Pese a que la llegada de Hollande ha supuesto cierto reequilibrio en las relaciones de poder europeas, el euro es una especie de competición económica en la que Alemania ha salido claramente vencedora. Ya ganó la batalla monetaria: el modelo del Bondesbank es el que se impuso al BCE. Ahora pretende ganar las demás con un liderazgo que sigue siendo difuso, que no despierta grandes simpatías pero que de momento no encuentra gran oposición. Un ejemplo: Berlín aspira a que el Parlamento Europeo diferencie entre los países del euro y los de fuera. Quiere que algunas decisiones estén vetadas a los países que no forman parte de la Unión Monetaria. Esto levantaría una barrera entre la Europa continental y Reino Unido.
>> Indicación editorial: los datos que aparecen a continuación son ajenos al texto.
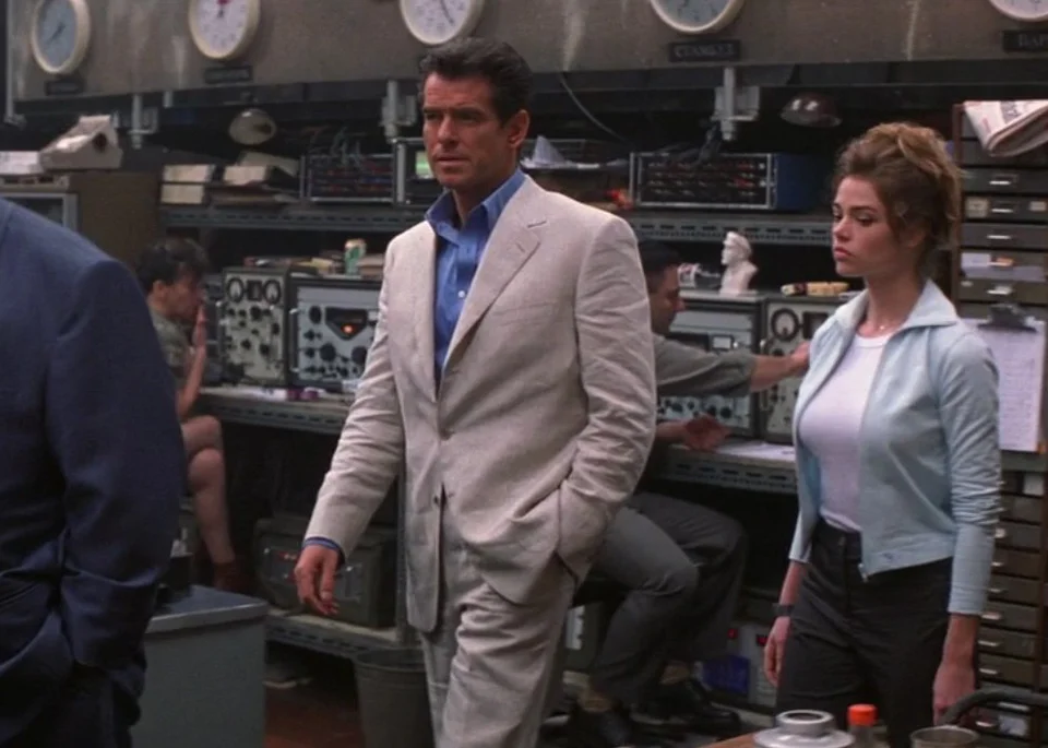 Пирс Броснан ворвался в мир бондианы с сиквелом «Золотой глаз» в 1995 году, когда спецэффекты шагнули далеко вперед, а мужская деловая мода, наоборот, вернулась в 1940-е. Агенту 007 приходится меняться и как-то приспосабливаться к новому времени. Теперь он в меру серьезен и в меру ироничен, но по-прежнему эффектно выполняет задания и не менее красиво соблазняет женщин.
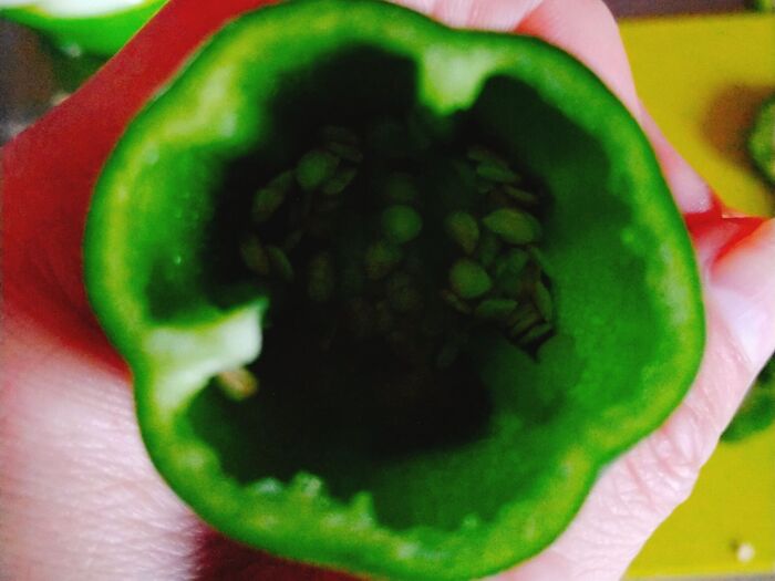 2.ピーマンはヘタ部分を5㎜程切り落とし種とワタを指でピーマンの下までグッと押し込む。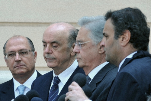 “O CAMAROTE VIP DO ITAÚ“: Geraldo Alckmin, José Serra, Fernando Henrique Cardoso e Aécio Neves em convenção do PSDB que lançou o candidato tucano à presidência da república em 2014.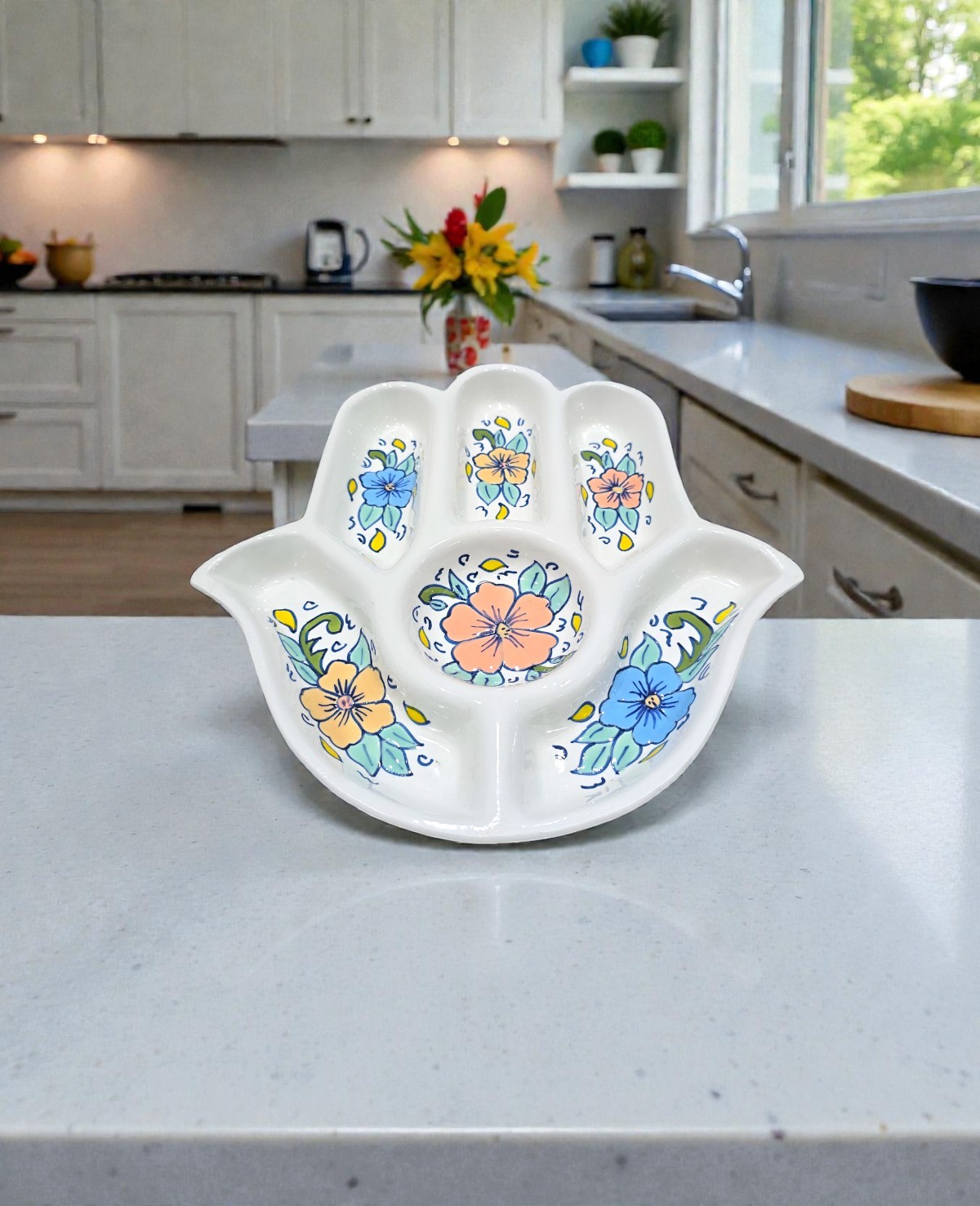 Astuce déco :Utilisez le plateau khomsa Flowers Pastel comme centre de table décoratif ou pour présenter sauces et amuse-bouches lors de vos réceptions pour une table chaleureuse et raffinée.

Mientras Londres es cada vez más reticente a participar en las decisiones comunes europeas y a ceder competencias a Bruselas, Schäuble y Merkel insisten en la vía de “más Europa” para salir de la crisis de la deuda. A Schäuble le gusta bromear con que “Reino Unido podría estar en el euro mucho antes de lo que ellos creen”, pero el escepticismo rampante en Reino Unido y la urgencia con la que se proponen estas medidas ahondarán más el Canal de la Mancha. El presidente del Parlamento Europeo, el socialdemócrata Martin Schulz, se dijo favorable a introducir nuevas reglas como las que propone Schäuble. El principal problema al que se enfrenta Alemania es temporal. La reforma de los Tratados europeos requiere largas negociaciones que suelen extenderse cinco años.

En fin, la crisis del euro tiene como destino final una decisión en Alemania. Pero Berlín, como en aquella escena de Casablanca (“¿Cenamos esta noche?”, pregunta el personaje de Ingrid Bergman; “nunca hago planes con tanta antelación”, responde Bogart), se resiste a decidirse, más aún cuando está en periodo preelectoral. Alemania se enfrenta a un difícil trilema: para solucionar la crisis tiene que aceptar, al menos temporalmente, una mutualización de deuda (eurobonos, por ejemplo, o el fondo de garantía de depósitos comunitario, que obligarían al contribuyente alemán a hacer un esfuerzo); una monetización (que sea el BCE quien pague imprimiendo euros, o transfiriendo los riesgos de los países periféricos al balance del banco central) o dejar las cosas como están y proseguir con el doloroso ajuste en los países del Sur.

En la cumbre de junio, con la tensión en máximos en los mercados, pareció decantarse por una combinación de mutualización y monetización. Pero luego ha dado marcha atrás, y en la cumbre de hoy parece decidida a dejar las cosas como están, con mínimos cambios más allá de dejar que el BCE entre en escena. Siempre que España —siempre España— se retrate y pida el rescate, por supuesto.